Collected material:
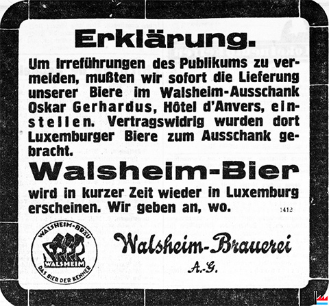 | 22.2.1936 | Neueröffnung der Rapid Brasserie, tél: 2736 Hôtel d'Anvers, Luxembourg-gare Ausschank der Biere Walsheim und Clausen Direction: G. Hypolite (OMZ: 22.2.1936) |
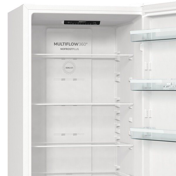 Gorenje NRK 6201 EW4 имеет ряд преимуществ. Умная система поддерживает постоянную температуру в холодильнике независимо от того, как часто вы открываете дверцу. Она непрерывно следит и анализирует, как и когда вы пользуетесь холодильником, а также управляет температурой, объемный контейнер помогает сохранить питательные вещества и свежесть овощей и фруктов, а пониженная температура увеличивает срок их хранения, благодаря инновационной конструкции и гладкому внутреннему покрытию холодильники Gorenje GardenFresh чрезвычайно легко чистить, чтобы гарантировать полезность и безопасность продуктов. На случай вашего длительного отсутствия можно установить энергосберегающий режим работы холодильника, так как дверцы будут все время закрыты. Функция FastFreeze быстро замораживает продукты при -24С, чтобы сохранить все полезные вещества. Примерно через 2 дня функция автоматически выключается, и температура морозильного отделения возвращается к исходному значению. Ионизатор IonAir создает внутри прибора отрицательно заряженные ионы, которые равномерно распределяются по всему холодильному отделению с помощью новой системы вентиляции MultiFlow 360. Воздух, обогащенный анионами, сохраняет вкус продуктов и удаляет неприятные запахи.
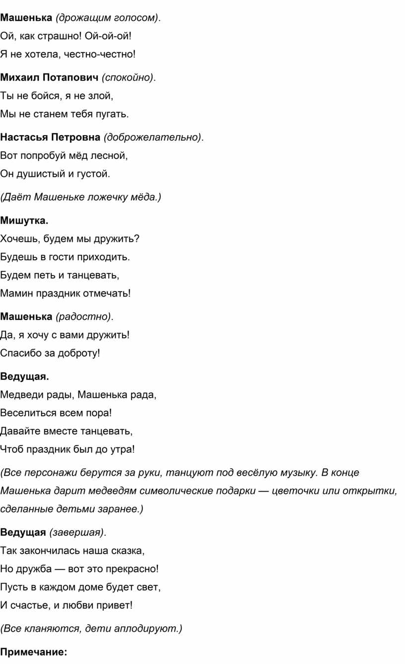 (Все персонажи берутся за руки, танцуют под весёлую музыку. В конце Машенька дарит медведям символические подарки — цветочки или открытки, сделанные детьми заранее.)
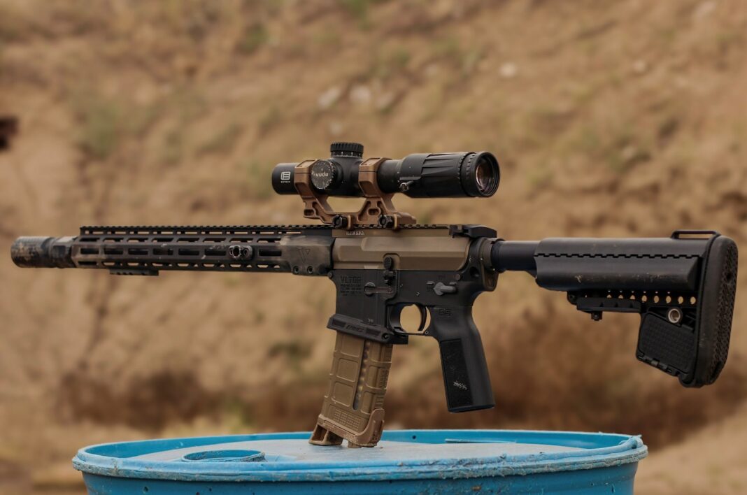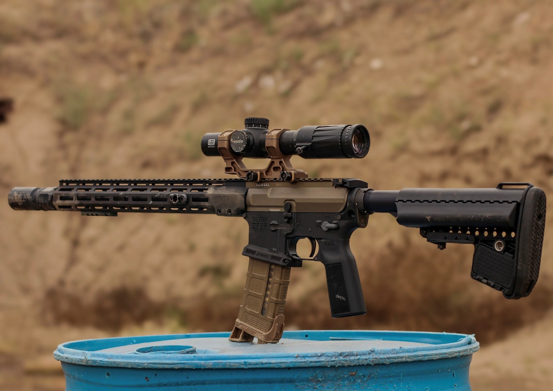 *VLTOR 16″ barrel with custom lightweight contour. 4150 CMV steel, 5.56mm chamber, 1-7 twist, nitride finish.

Task description:
Omit any images, then output the listing exactly.

Written answer:
 | 22.2.1936 | Neueröffnung der Rapid Brasserie, tél: 2736 Hôtel d'Anvers, Luxembourg-gare Ausschank der Biere Walsheim und Clausen Direction: G. Hypolite (OMZ: 22.2.1936) |
 Gorenje NRK 6201 EW4 имеет ряд преимуществ. Умная система поддерживает постоянную температуру в холодильнике независимо от того, как часто вы открываете дверцу. Она непрерывно следит и анализирует, как и когда вы пользуетесь холодильником, а также управляет температурой, объемный контейнер помогает сохранить питательные вещества и свежесть овощей и фруктов, а пониженная температура увеличивает срок их хранения, благодаря инновационной конструкции и гладкому внутреннему покрытию холодильники Gorenje GardenFresh чрезвычайно легко чистить, чтобы гарантировать полезность и безопасность продуктов. На случай вашего длительного отсутствия можно установить энергосберегающий режим работы холодильника, так как дверцы будут все время закрыты. Функция FastFreeze быстро замораживает продукты при -24С, чтобы сохранить все полезные вещества. Примерно через 2 дня функция автоматически выключается, и температура морозильного отделения возвращается к исходному значению. Ионизатор IonAir создает внутри прибора отрицательно заряженные ионы, которые равномерно распределяются по всему холодильному отделению с помощью новой системы вентиляции MultiFlow 360. Воздух, обогащенный анионами, сохраняет вкус продуктов и удаляет неприятные запахи.
 (Все персонажи берутся за руки, танцуют под весёлую музыку. В конце Машенька дарит медведям символические подарки — цветочки или открытки, сделанные детьми заранее.)
 *VLTOR 16″ barrel with custom lightweight contour. 4150 CMV steel, 5.56mm chamber, 1-7 twist, nitride finish.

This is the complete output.